Des ancêtres étrangers

Ne parlons donc plus d’origines, c’est beaucoup trop vague, et désigne indistinctement des lieux sans rien en dire que des généralités. Les ancêtres, tout le monde en a, mais là, les choses se différencient : une mère de telle lignée, un père de telle lignée, pareil pour les quatre grands-parents, les huit arrière-grands-parents, les seize arrière-arrières, et ainsi de suite, de telles langues, de telles coutumes. Le multiple surgit, les différences se manifestent, les histoires se racontent.

Entrons dans un café marocain à Bruxelles. Le Maroc ? Un pays arabe ! Pourtant, dans ce café, personne ne parle arabe, ou la darija, l’arabe dialectal marocain. Tout le monde parle tamazight, dans sa forme rifaine (le Rif étant la région d’où provient la majorité des Marocains recrutés par la Belgique avec des autobus à la suite de la convention belgo-marocaine de 1964). Au mur, il y a une photo d’Abdelkrim El-Khatibi, l’ancien président de la République du Rif, chef de la résistance anticoloniale contre 500 000 soldats français et espagnols, qu’il a tenu en respect pendant la guerre du Rif (de 1921 à 1926), alors que le Sultan du Maroc Moulay Youssef s’était plié à la domination française ; il s’est battu jusqu’à ce que l’armée espagnole bombarde le Rif avec du gaz moutarde. Cet esprit d’insoumission ne serait-il pas un des héritages sous-jacents à la situation dans certaines écoles bruxelloises ? L’on comprend que parler simplement « d’origine marocaine » abrase la diversité des transmissions, toutes singulières.

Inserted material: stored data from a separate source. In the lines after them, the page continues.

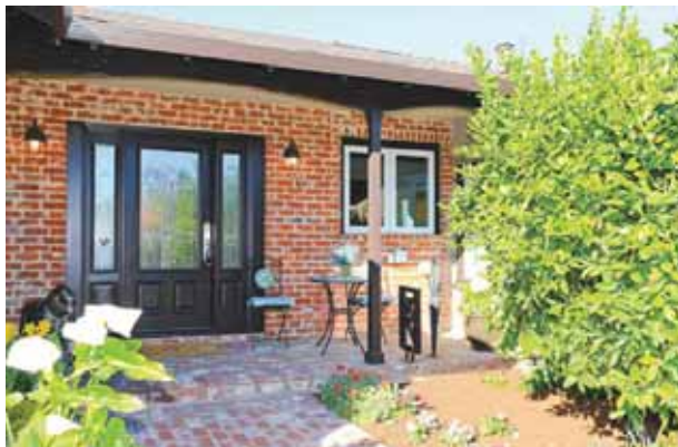
MOUNTAIN VIEW $2,195,000

28266 Christopher Lane | 4bd/3.5ba Tom Correia | 650.941.1111
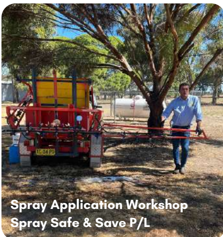
Spray Application Workshop Spray Safe & Save P/L

We develop and deliver education and professional development opportunities to meet identified skills gaps in rural and remote communities.
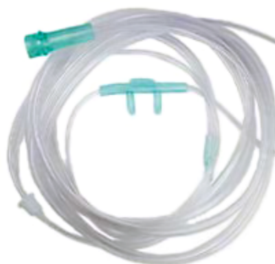
Nasal Cannula with Nonflared Tips

Please visit StratodyneInc.com for a complete product listing today!!
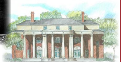
New house to be built
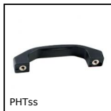
Maniglia a ponte, Fino a 250°C
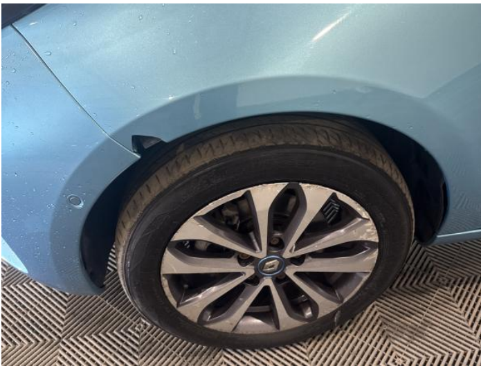
5: Wheel nsf Scratched Over 50mm
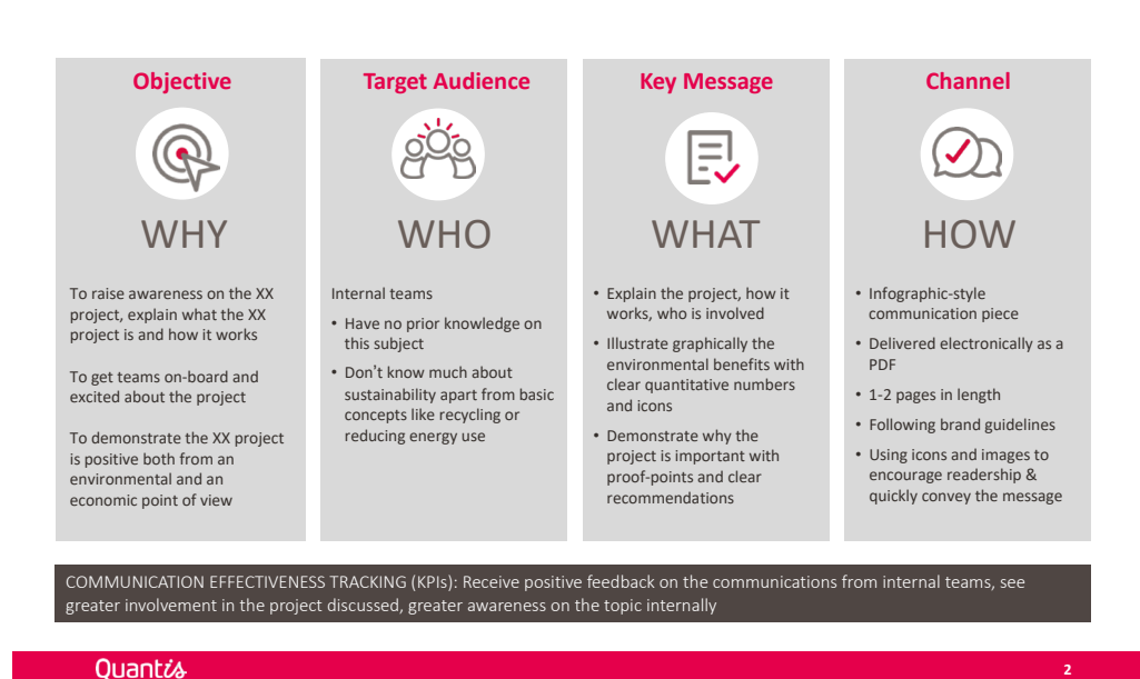
Figure 4: The Quantis Communication Canvas
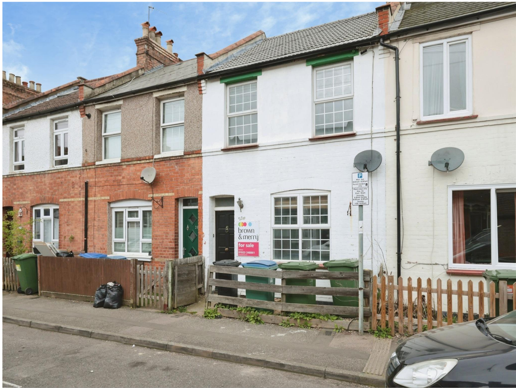
Chester Road, Watford, WD18 0LJ
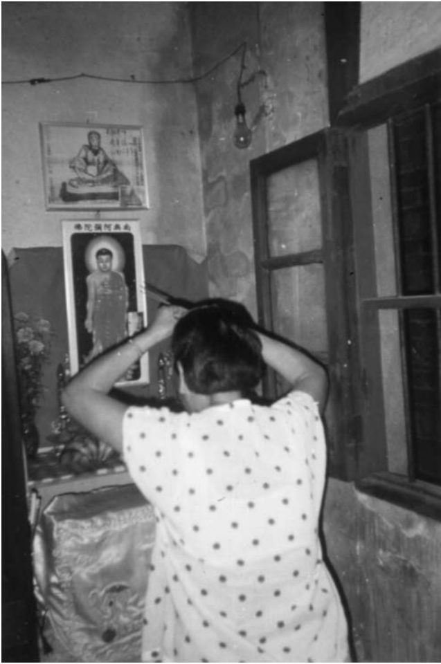
Figure 2 Image of Master Wuji being venerated inside the home of a devotee in Fujian, 1997.

mummy began to spread throughout the area. One striking example of this renewed piety is the spread of photocopy reproductions of the picture of the Wuji mummy (that was taken in Japan at the Taishō hakuran kai exhibition) that have been propagated widely and even found their way onto the altars (in the highest position of honour no less) in people's homes throughout the village.
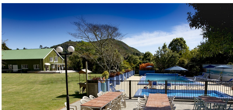
Dreaming of those long sunny days

Please ensure no tailgaters follow you in, unless you know them.
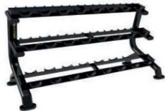
DUMBBELL RACK 3 TIER

D’une certaine façon, cette approche qui s’intéresse aux ancêtres dans leurs différences est l’inverse de la citoyenneté dans ses deux sens classiques, citoyens d’Athènes, et citoyens de la République française. Pour être citoyen et jouir des droits politiques dans la démocratie athénienne antique, il fallait être un homme de plus de 18 ans ayant un père né d’un citoyen athénien et une mère fille de citoyen athénien. La démocratie était donc expressément monoculturelle, et excluait les femmes, les esclaves et les étrangers vivant dans la cité. Ces derniers étaient appelés « métèques », du grec ancien métoïkos, « qui a changé de résidence » : immigrés, en quelque sorte. Au contraire de cette démocratie exclusive et relevant d’une seule culture, nous cherchons une démocratie inclusive et plurielle.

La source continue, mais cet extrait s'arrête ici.